Pub Date : 2021-03-31DOI: 10.7733/JNFCWT.2021.19.1.51
Seo-yeon Cho, Byong-Woo Kim, Bang, Youngsuk, Keon-Yeop Kim
This is an Open-Access article distributed under the terms of the Creative Commons Attribution Non-Commercial License (http://creativecommons.org/licenses/ by-nc/3.0) which permits unrestricted non-commercial use, distribution, and reproduction in any medium, provided the original work is properly cited Chemical decontamination of primary systems in a nuclear power plant (NPP) prior to commencing the main decommissioning activities is required to reduce radiation exposure during its process.

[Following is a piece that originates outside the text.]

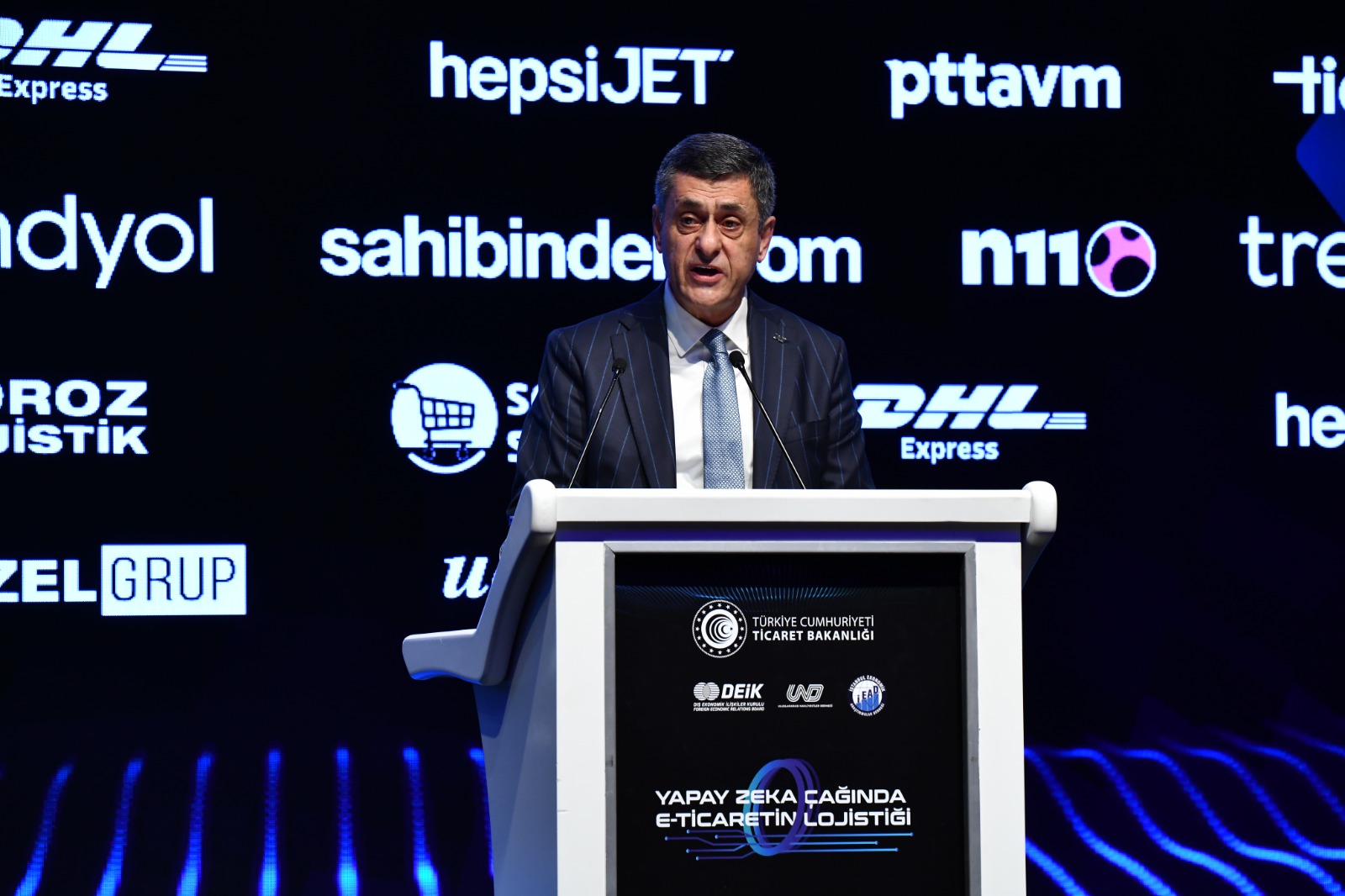 Zirvenin açılış konuşmalarını gerçekleştiren Ticaret Bakanı Ömer Bolat, “E-ticaret, giderek artan yeni ticaret yöntemi, toplam ticaretin yüzde 20’sini oluşturuyor ve 3 trilyon doların 2024 hesaplamalarıyla bir hacme sahip. Lojistik sektörü de olmazsa olmaz sektörlerimizde önde gelen büyük bir sektör. E-ticaret de o tarihlerde toplam ticaretin içinde yüzde 4,5-5’lik bir paya sahipken, 2019 itibarıyla, toplam ticarette yüzde 20’lik bir paya 3-4 sene gibi kısa bir sürede ulaşmış oldu. Bugün Türkiye için gerek mal ticareti gerekse hizmetler ticareti ekonomimizde büyük bir yer tutuyor. Mal ihracatımız geçen yıl 255,5 milyar dolardı, buna karşılık aynı şekilde mal ithalatımız 365 milyar dolardı. Hizmet ihracatımız 122,5 milyar dolardı. Hizmet ithalatımız da yaklaşık 60 milyar dolar ve bunların toplamı 820 milyar dolarlık bir mal ve hizmet ticareti ile iştigal ettik. Ve geçen yıl milli gelirimiz 1,1 trilyon dolara yükseldi. Milli gelirimizin yarısından fazlası mal ve hizmet ihracat ve ithalat ticareti kadar bir hacim oluşturuyordu” dedi.
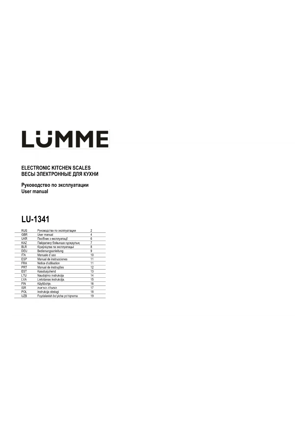 LU1341 - Balances de cuisine LUMME - Notice d'utilisation et mode d'emploi gratuit

The entire process is repeated until the desired decontamination factor is obtained. To achieve improved decontamination factors over a shorter time with fewer cycles, the appropriate flow characteristics are required. In addition, to prepare an operating procedure that is adaptable to various conditions and situations, the transient analysis results would be required for operator action and system impact assessment. In this study, the flow characteristics in the steady-state and transient conditions for the chemical decontamination operations of the Kori-1 NPP were analyzed and compared via the MARS-KS code simulation. Loss of residual heat removal (RHR) and steam generator tube rupture (SGTR) simulations were conducted for the postulated abnormal events. Loss of RHR results showed the reactor coolant system (RCS) temperature increase, which can damage the reactor coolant pump (RCP)s by its cavitation. The SGTR results indicated a void formation in the RCS interior by the decrease in pressurizer (PZR) pressure, which can cause surface exposure and tripping of the RCPs unless proper actions are taken before the required pressure limit is achieved.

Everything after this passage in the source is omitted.